Dear all, I am aligning my RNA-seq reads using bwa-mem and circular RNA quantification using sailfish-circ. I saw some publications using limma to analyze such datasets. However, I am getting strange results using LIMMA. Here is an example that is highly significant with limma with 39 samples. When inspecting this gene (see panel A), I noticed there were 12 samples that had zero counts (points were jittered). When I remove these 12 samples (see Panel B) and re-analyze using lm(), this gene is no longer significant. I have many other examples of significant hits that disappear after similar procedure. So I am wondering if limma is appropriate for circular RNA analysis. I would welcome any suggestions for other tools designed for analysis of such dataset.

Y axis label = log CPM

X axis label = case / control

Boxplot example is in the link provided:

https://imgur.com/a/Gue060o

I'm not familiar with circular RNA-seq, but unless there's something radically different from standard RNA-seq, I'd say that your data set has some issues. The samples with negative log-CPMs are very different from the other replicates in the same group. This is usually a sign that something has gone wrong - label misassignment is the first thing that comes to mind, followed by a failure to remove low-quality samples. I mean... does the distribution of log-CPMs look Normal to you?

For this gene, the samples with negative log-CPMs are clearly different from those with positive log-CPMs, but you don't really explain why you decided to remove the former. For all we know, the non-zero samples are the wrong samples (e.g., due to PCR jackpot biases or something) and a near-zero expression is the correct assay value for this gene. You need to motivate your decision to remove samples with external information, either experimental (e.g., low RINs indicating low-quality samples) or across other genes (e.g., low total coverage). They should not be removed simply because they show up as negative log-CPMs for this gene.

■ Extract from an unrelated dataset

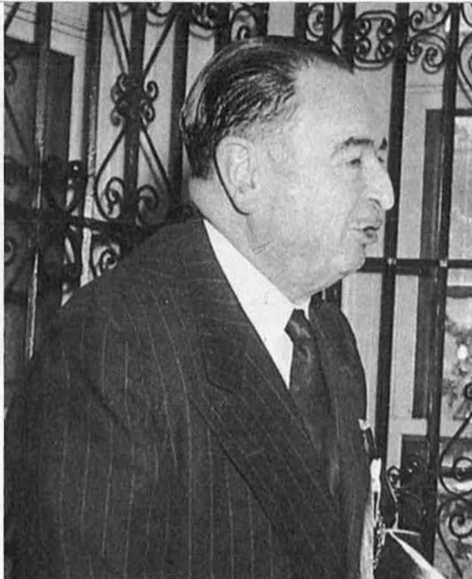
Malgrat la fòbia anticatalana de Lequerica (foto), Francesc Cambó va col·laborar obertament amb ell a l'hora de donar informacions sobre els moviments d'alguns líders polítics republicans a l'exili.

Els referents eren, o haurien d'haver estat, immillorables. Cambó havia assessorat diverses multinacionals, en especial nord-americanes, perquè “es fiessin” del general Franco, havia escrit dos articles compromesos a la premsa internacional – The Sunday Telegraph de Londres i La Nación de Buenos Aires– i havia inspirat una declaració de suport de 100 empresaris, intel·lectuals i polítics catalans al general Franco, l'octubre de 1936, just quan aquest era nomenat jefe de estado i la FAI

Now, to answer your question. This gene shows up as DE in the full data set because (i) the group means are obviously quite different, as the second group has many more negative log-CPMs; and (ii) the inflation of the variance due to the negative log-CPMs is probably suppressed by empirical Bayes shrinkage, which avoids the loss of power that would otherwise accompany such variability in the replicates. Once you remove the negative log-CPMs, you reduce the difference in the group means, resulting in a larger p-value. If you end up deciding not to remove any samples, you may consider setting robust=TRUE in eBayes() to avoid effect ii and obtain a large p-value.